With that, here are five takeaways from Pew's study:

Enemies of the republic: It's one thing to disagree with and even dislike people who hold ideological views different from yours; it's another entirely to see them as threats to the nation you hold dear. Unfortunately, large percentages of Americans view members of the other major party as endangering the nation, or at least its well-being.

Pew reports that 36 percent of Republicans view Democrats as threatening the nation's ongoing success; while 27 percent view Republicans in that light. Those are obviously large segments of the population who intensely distrust other large segments of the population. Negative advertising obviously finds a very receptive audience with these voters.

The center doesn't hold: Way back in 1994, when President Bill Clinton was in the White House and the Gingrich revolution was just in its infancy, a Pew survey found 49 percent of Americans to be in the ideological middle, holding progressive views on some issues, conservative views on others. Two decades later, the middle has been squeezed down to 39 percent. Meanwhile, the portion of Americans at either end of the bell curve who maintain an ideological purity has grown significantly, especially among liberals.

The percentage of hard-line progressives quadrupled to 12 percent from 3 percent 20 years earlier; hard-line conservatives saw a less steep increase, to 9 percent from 7 percent. While the conventional wisdom is that most of the nation's partisan rancor is due to Republicans' becoming more conservative, the survey suggests that progressives are doing their share to contribute to the gulf as well.

Hardliners = money and votes: It's no surprise that voters with the most consistent red or blue ideologies are also the most likely to vote and make campaign contributions, but Pew found an interesting difference between conservatives and liberals. Consistent conservatives who said they always vote exceeded their liberal counterparts by 20 percentage points.
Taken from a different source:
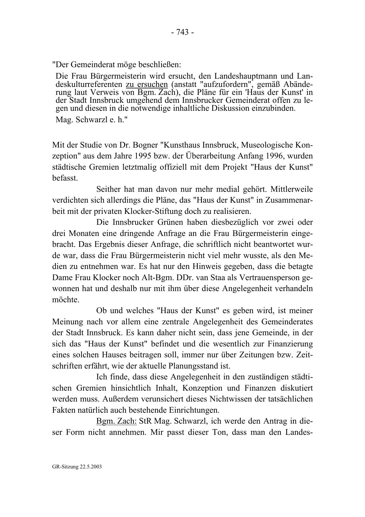 Die Frau Bürgermeisterin wird ersucht, den Landeshauptmann und Landeskulturreferenten zu ersuchen (anstatt "aufzufordern", gemäß Abänderung laut Verweis von Bgm. Zach), die Pläne für ein "Haus der Kunst" in
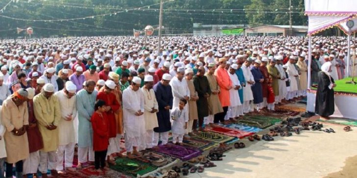 সকাল ৭টা ২২ মিনিটে শুরু হয় ঈদের প্রথম জামাতের মোনাজাত। ১২ মিনিটব্যাপী চলা মোনাজাতে আল্লাহর কাছে দু’হাত তুলে দোয়া করেন ছোট-বড় সব বয়সী মুসল্লিরা।

But when it came to campaign donations, strong liberals actually outdid their conservative counterparts in that department, having a 6-point advantage.

The worst-performing voters and donors were those in the middle. Which is why fundraising emails nearly always use the most extreme language; they're aimed at the true believers for whom issues are black and white with no shades of gray ambiguity.

Blue house, red house: Cities have long been liberal bastions while suburbs and rural areas have been more conservative. Pew asked a question that got at that dynamic in a fascinating way. It asked those surveyed whether they would rather live in a community with larger houses that are farther apart and driving is essential to get practically anywhere or would prefer smaller houses that were closer with stores and schools within walking distance. Seventy-five percent of those whose survey answers identified them as consistent conservatives said they preferred the large house, car-dependent community. By contrast, 77 percent of consistent liberals liked the more urban scenario.

Reinforcing this, in the answer to another question, 79 percent of mostly or consistently conservative respondents said it was important to them to live in a place where most people shared their political views. That number was 60 percent for those who were mostly or consistently liberal. This gets at a phenomenon that has been called the "big sort," in which Americans are increasingly choosing to live in ideologically homogenous communities. Politically, this plays out in congressional districts being increasingly safe for Republicans or Democrats and the hardening of partisan boundaries in Congress. And there appears to be no near-term reversal of this trend for most congressional districts.

Compromise means your side wins: For many people, compromise connotes that both sides come away from negotiations feeling good about a result where neither side got everything it wanted and where there was a parity to the result. Not so in the hyperpartisan atmosphere of contemporary politics. Most consistent conservatives and liberals said their side had to get most of what it wanted in a compromise. Now, remember that these are the same people who nearly always vote and who are the most reliable donors — and the forces that pressure policymakers during Washington's fiscal fights become stark.